Directions for this task:
From the first line to the last, return the data exactly, with no pictures.

(Stored records)
--- --- ---

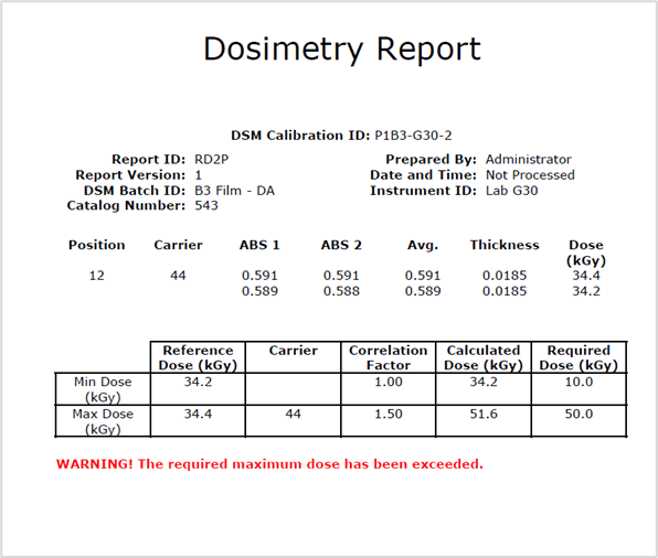 Description: 2 dosimeters/pouch, routine process monitoring dosimetry with reference position information. All fields in the table below are included in this report.
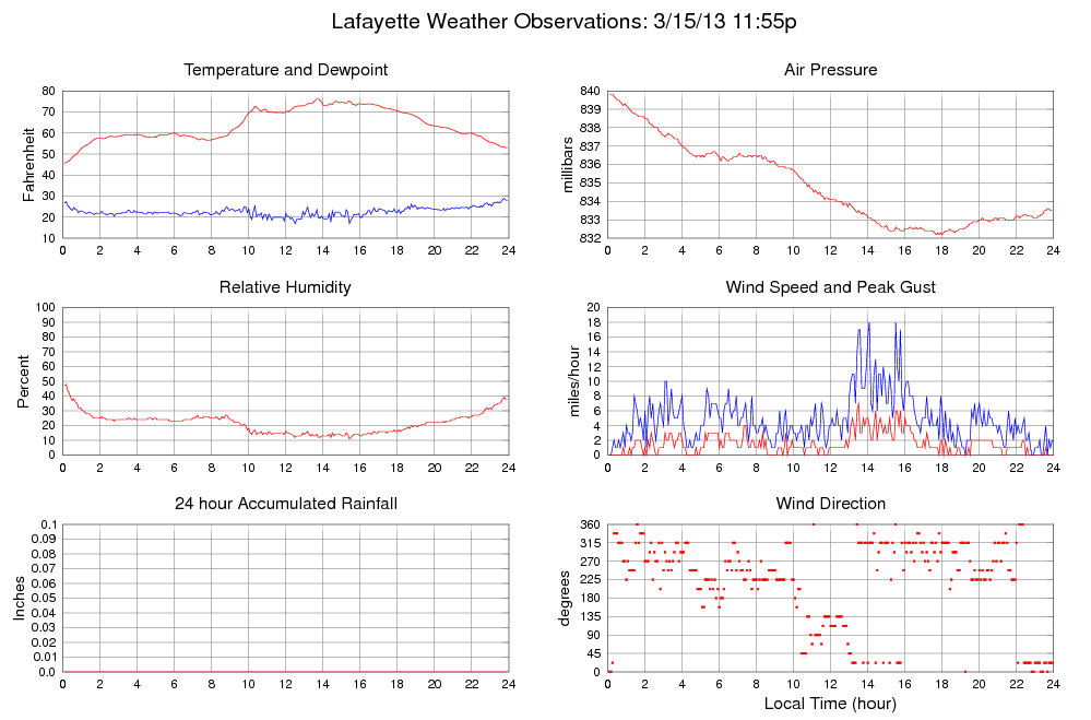 Temperature (F) 53.0 45.8 @ 00:05 76.2 @ 13:40 63.6
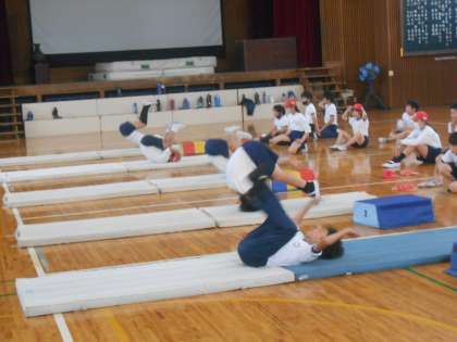 5年生 体育 飛び込み前転 公開日 2023/05/18 更新日 2023/05/18 5年 どの学年もマット運動をがんばっています。5年生は前転するときにできるだけ遠くに手をつけて飛ぶように回る、飛び込み前転をしていました。勇気を出して飛ぶまでに時間がかかる人もいました。失敗や痛みを乗り越えて、がんばれ、5年生!
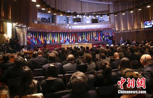 李克强总理25日在联合国拉美经委会发表演讲。中新社记者 刘震 摄
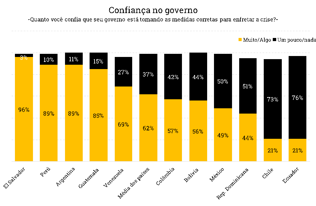 Isso mostra que a maneira pela qual os diferentes governos abordam a pandemia têm impacto direto na imagem de sua gestão. Nesse sentido, pode-se ver como, segundo o estudo de Mitofsky, a confiança que as pessoas têm no governo em cada país é reproduzida quase idêntica à aprovação da figura presidencial no contexto do coronavírus.
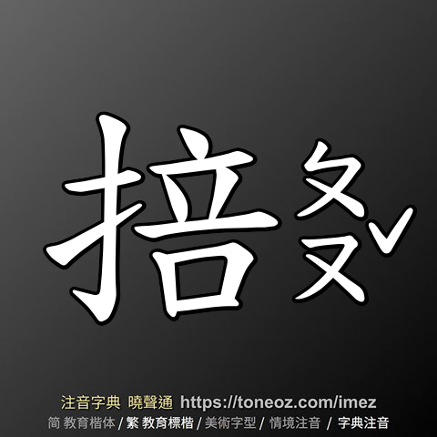 掊,注音ㄆㄡˊ,拼音póu,辭典解釋為:[動] 1.用手或工具挖土。如:「掊坑」、「掊洞」。《新唐書.卷五三.食貨志三》:「大和初,歲旱河涸,掊沙而進,米多耗,抵死甚眾。」 2.聚斂、搜括。《新唐書.卷一二九.嚴挺之傳》:「蜀雖號富饒,而峻掊亟斂,閭里為空。」 [名] 量詞。計算雙手捧取物品的單位。通「抔」。漢.王充《論衡.譋時》:「如泰山失火,沃以一杯之水;河決千里,塞以一掊之土,能勝之乎?」
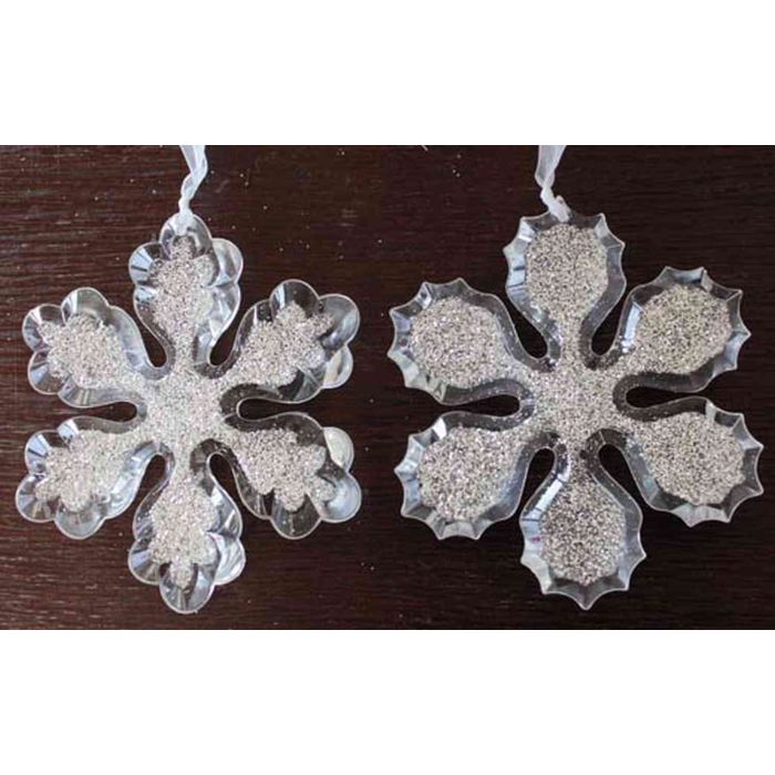 Copo de nieve acrílico para colgar YLVALIE, 2 piezas, brillo, transparente-plata, Ø10cm

--- --- ---

Solved exercise:
 Description: 2 dosimeters/pouch, routine process monitoring dosimetry with reference position information. All fields in the table below are included in this report.
 Temperature (F) 53.0 45.8 @ 00:05 76.2 @ 13:40 63.6
 5年生 体育 飛び込み前転 公開日 2023/05/18 更新日 2023/05/18 5年 どの学年もマット運動をがんばっています。5年生は前転するときにできるだけ遠くに手をつけて飛ぶように回る、飛び込み前転をしていました。勇気を出して飛ぶまでに時間がかかる人もいました。失敗や痛みを乗り越えて、がんばれ、5年生!
 李克强总理25日在联合国拉美经委会发表演讲。中新社记者 刘震 摄
 Isso mostra que a maneira pela qual os diferentes governos abordam a pandemia têm impacto direto na imagem de sua gestão. Nesse sentido, pode-se ver como, segundo o estudo de Mitofsky, a confiança que as pessoas têm no governo em cada país é reproduzida quase idêntica à aprovação da figura presidencial no contexto do coronavírus.
 掊,注音ㄆㄡˊ,拼音póu,辭典解釋為:[動] 1.用手或工具挖土。如:「掊坑」、「掊洞」。《新唐書.卷五三.食貨志三》:「大和初,歲旱河涸,掊沙而進,米多耗,抵死甚眾。」 2.聚斂、搜括。《新唐書.卷一二九.嚴挺之傳》:「蜀雖號富饒,而峻掊亟斂,閭里為空。」 [名] 量詞。計算雙手捧取物品的單位。通「抔」。漢.王充《論衡.譋時》:「如泰山失火,沃以一杯之水;河決千里,塞以一掊之土,能勝之乎?」
 Copo de nieve acrílico para colgar YLVALIE, 2 piezas, brillo, transparente-plata, Ø10cm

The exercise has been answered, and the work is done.